Exposure to NTM is quite common. However, NTM disease is relatively rare. This observation suggests that host susceptibility likely plays a key role in the development of NTM lung disease. Patients who develop NTM lung disease usually have some degree of host impairment that make them vulnerable to these infections. NTM lung disease is more prevalent in patients with structural lung disease, such as cystic fibrosis, non-cystic fibrosis bronchiectasis, primary ciliary dyskinesia, chronic obstructive pulmonary disease (COPD), previous TB, and pneumoconiosis66. An immunosuppressed status, which is related to HIV infection, transplantation, or the use of tumor necrosis factor α inhibitor, is also associated with NTM disease66.

However, patients can develop NTM lung disease without any obvious underlying cause. These patients are typically postmenopausal women who have a unique body morphotype67 68. Recently, a whole-exome sequencing study has begun to identify genetic predispositions for those patients and found an increased prevalence of genetic mutations that control the function of the immune system, ciliary body, and connective tissues69. This suggests that NTM lung disease is a multigenic disease, which is characterized by a combination of variants across gene categories and environmental exposures that increase susceptibility to infection.

4. Impact on public health

The impact of NTM infection on public health has been underestimated. Generally, NTM have been considered to have a low pathogenicity, and it was believed that these organisms cannot be transmitted from person to person. However, NTM lung disease is associated with a substantially impaired quality of life70, increased morbidity and mortality71, and high medical costs43. Huang et al.72 have shown that patients with COPD who have NTM isolates had a greater decline in lung function and more frequent exacerbation than those with no isolate. Park et al.73 have shown that treatment failure was associated with a substantial decline in lung function in individuals with NTM lung disease. A recent study in Germany have revealed that a higher mortality, direct costs, and indirect costs were observed among patients with NTM lung disease than in matched controls74. Considering the increasing burden of NTM lung disease globally, this disease may soon become a significant health and economic burden.

Conclusion

NTM are generally found not only in the natural but also in the human engineered environment. Remarkable changes in the human environment and lifestyle habits were observed during the past several decades. These changes have made humans more comfortable but also resulted in a more favorable environment for NTM growth. In addition, with the development of medicine, an aging population with multiple comorbidities who are vulnerable to NTM infection is growing rapidly. As a result, the incidence and prevalence of NTM lung disease are increasing worldwide, and this disease is rapidly becoming a major public health problem.

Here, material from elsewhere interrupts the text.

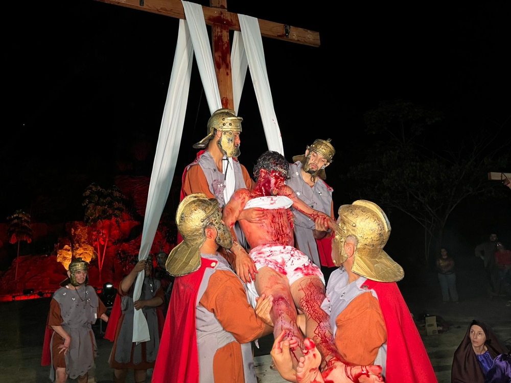 Com a presença significativa de espectadores, a encenação aborda a passagem bíblica das últimas horas de Jesus antes e durante a crucificação, com um cenário e figurino que retratam com fidelidade as passagens registradas nas Escrituras Sagradas. Nessa edição, o “Auto da Paixão de Cristo” foi narrado sob a ótica do apóstolo Pedro, retratando a versão de uma testemunha ocular dos acontecimentos da crucificação de Cristo.

NTM lung disease is more difficult to treat and prevent than TB. The elimination of NTM from environmental sources and the destruction of the transmission route are critical issues that must be urgently addressed. Further comprehensive works to investigate the source, transmission route, and epidemiology of NTM are needed to develop new strategies that can prevent and control NTM infection.

Notes

Conflicts of Interest: No potential conflict of interest relevant to this article was reported.

References

1. Griffith DE, Aksamit T, Brown-Elliott BA, Catanzaro A, Daley C, Gordin F, et al. An official ATS/IDSA statement: diagnosis, treatment, and prevention of nontuberculous mycobacterial diseases. Am J Respir Crit Care Med. 2007; 175:367–416. PMID: 17277290.

2. Haworth CS, Banks J, Capstick T, Fisher AJ, Gorsuch T, Laurenson IF, et al. British Thoracic Society guidelines for the management of non-tuberculous mycobacterial pulmonary disease (NTM-PD). Thorax. 2017; 72(Suppl 2):ii1–ii64.

3. Runyon EH. Anonymous mycobacteria in pulmonary disease. Med Clin North Am. 1959; 43:273–290. PMID: 13612432.

4. Griffith DE, Aksamit TR. Understanding nontuberculous mycobacterial lung disease: it's been a long time coming. F1000Res. 2016; 5:2797. PMID: 27990278.

5. Koh WJ. Nontuberculous mycobacteria: overview. Microbiol Spectr. 2017; 1. [Epub]. DOI: 10.1128/microbiolspec.TNMI7-0024-2016.

6. Ryu YJ, Koh WJ, Daley CL. Diagnosis and treatment of nontuberculous mycobacterial lung disease: clinicians' perspectives. Tuberc Respir Dis. 2016; 79:74–84.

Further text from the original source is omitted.